Strategy	When selected	What it does
`:vector`	`understand`, `debug`, `implement` intents	Embeds query, searches vector store by cosine similarity
`:keyword`	`locate`, `reference` intents; `framework` queries	Searches metadata store by extracted keywords
`:graph`	`trace` intent	Finds seed identifiers, then walks forward and reverse dependency edges
`:hybrid`	`comprehensive` or `exploratory` scope	Runs vector + keyword + graph expansion, deduplicates
`:direct`	`locate`/`reference` + `pinpoint` scope	Looks up identifiers directly in metadata store; falls back to keyword

Configuring Retrieval

Retrieval requires an embedding provider and a vector store. Set these in config/initializers/woods.rb.

Presets (recommended)

Three named presets cover the most common deployment scenarios:

ruby

# Local development — Ollama (local) + in-memory vector store. No external services.
Woods.configure_with_preset(:local)

# PostgreSQL — pgvector + OpenAI. Requires PostgreSQL with the vector extension.
Woods.configure_with_preset(:postgresql)

# Production — Qdrant + OpenAI. Dedicated vector database.
Woods.configure_with_preset(:production)

Presets accept a block for overrides:

ruby

Woods.configure_with_preset(:postgresql) do |config|
  config.embedding_options  = { api_key: ENV['OPENAI_API_KEY'] }
  config.max_context_tokens = 12_000
end

Manual configuration

MySQL host app (Qdrant required — MySQL has no native vector extension):

ruby

Woods.configure do |config|
  config.vector_store         = :qdrant
  config.vector_store_options = { url: ENV['QDRANT_URL'], collection: 'myapp' }
  config.metadata_store       = :sqlite
  config.embedding_provider   = :openai
  config.embedding_options    = { api_key: ENV['OPENAI_API_KEY'] }
  config.embedding_model      = 'text-embedding-3-small'
end

PostgreSQL host app (pgvector, all-in-one):

ruby

Woods.configure do |config|
  config.vector_store            = :pgvector
  config.vector_store_connection = ENV['DATABASE_URL']
  config.metadata_store          = :sqlite
  config.embedding_provider      = :openai
  config.embedding_options       = { api_key: ENV['OPENAI_API_KEY'] }
  config.embedding_model         = 'text-embedding-3-small'
end

After configuring, generate embeddings before running retrieval:

bash

bundle exec rake woods:extract
bundle exec rake woods:embed

Running Retrieval

MCP tool: `codebase_retrieve`

The primary interface for agents. Available in the Index Server when an embedding provider is configured and rake woods:embed has been run.

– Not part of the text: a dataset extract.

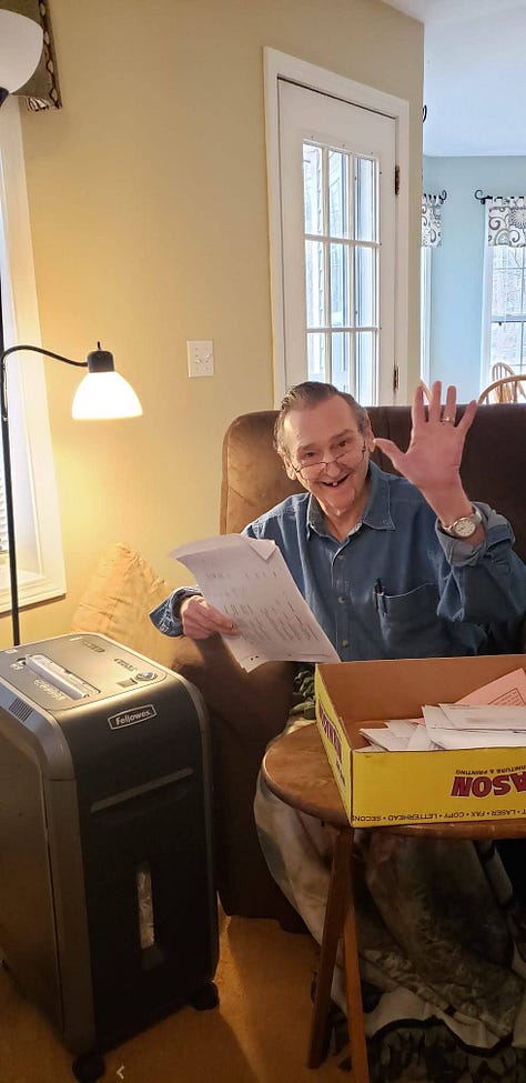 As our young families grew, he’d sit in “G-pa’s chair” and watch. He did his word searches or let his eyes zone while watching a crime show. The look on his face said he was just content to be with family. Satisfied to watch the kids play, to hear our conversations though rarely adding to them.

codebase_retrieve(query: "how does billing work?")
codebase_retrieve(query: "what callbacks run when an order is placed?", budget: 12000)

Parameters:

Parameter	Type	Default	Description
`query`	string	required	Natural-language question
`budget`	integer	8000	Token budget for context assembly

The tool returns a formatted context string ready for use in a prompt, along with source attributions. Use search for exact name/pattern lookups; use codebase_retrieve for conceptual or behavioral questions.

Ruby API

ruby

retriever = Woods::Retriever.new(
  vector_store:       vector_store,
  metadata_store:     metadata_store,
  graph_store:        graph_store,
  embedding_provider: embedding_provider
)

result = retriever.retrieve("How does the User model work?")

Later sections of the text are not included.